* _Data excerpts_
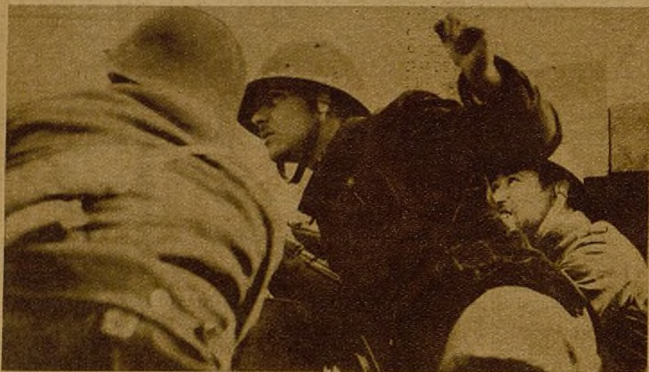
La juventud, desde su puesto de honor de fuerza de choque de las trincheras, exige la ofensiva para ayudar a los hermanos lejanos de Euzkadi...
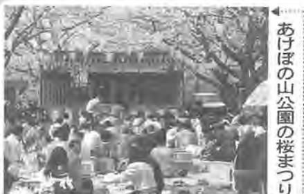
あけぼの山公園の桜まつり 4月6日、あけぼの山公園で桜まつりが開かれ、おおぜいの人でにぎわいました。
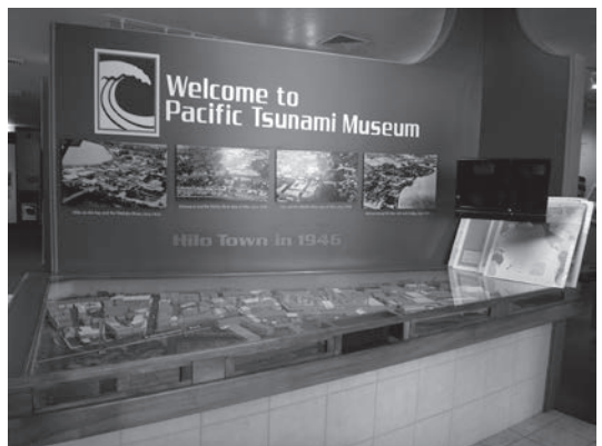
図6：太平洋津波博物館 1946年(津波前)のダウンタウンのジオラマ
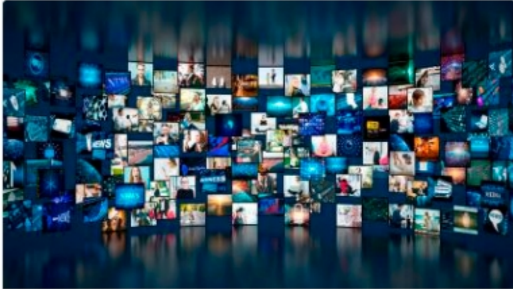
Programa de la Conversación sobre Comunicación Audiovisual
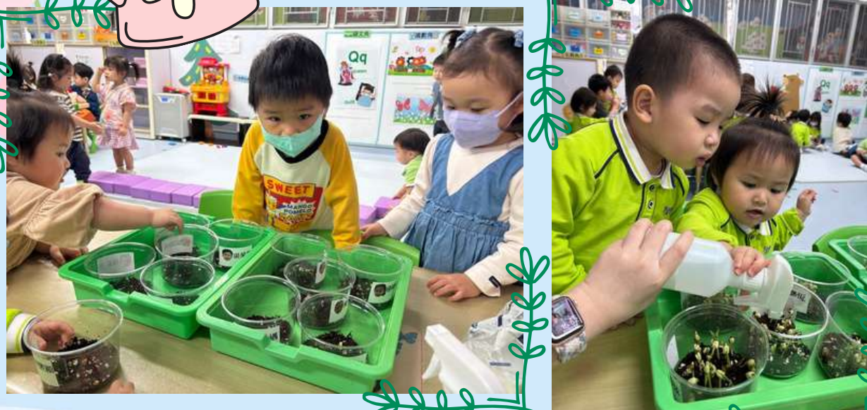
幼兒觀察自己的小綠豆及為其澆水
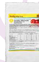
Белковый коктейль «Яблочный»
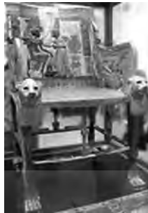
تصویر ۳۳- سریر توت عنخ آمون.

* _What you will do_
Quote the preceding records in their entirety, excluding every picture.

* _Exercise answer_
La juventud, desde su puesto de honor de fuerza de choque de las trincheras, exige la ofensiva para ayudar a los hermanos lejanos de Euzkadi...
あけぼの山公園の桜まつり 4月6日、あけぼの山公園で桜まつりが開かれ、おおぜいの人でにぎわいました。
図6：太平洋津波博物館 1946年(津波前)のダウンタウンのジオラマ
Programa de la Conversación sobre Comunicación Audiovisual
幼兒觀察自己的小綠豆及為其澆水
Белковый коктейль «Яблочный»
تصویر ۳۳- سریر توت عنخ آمون.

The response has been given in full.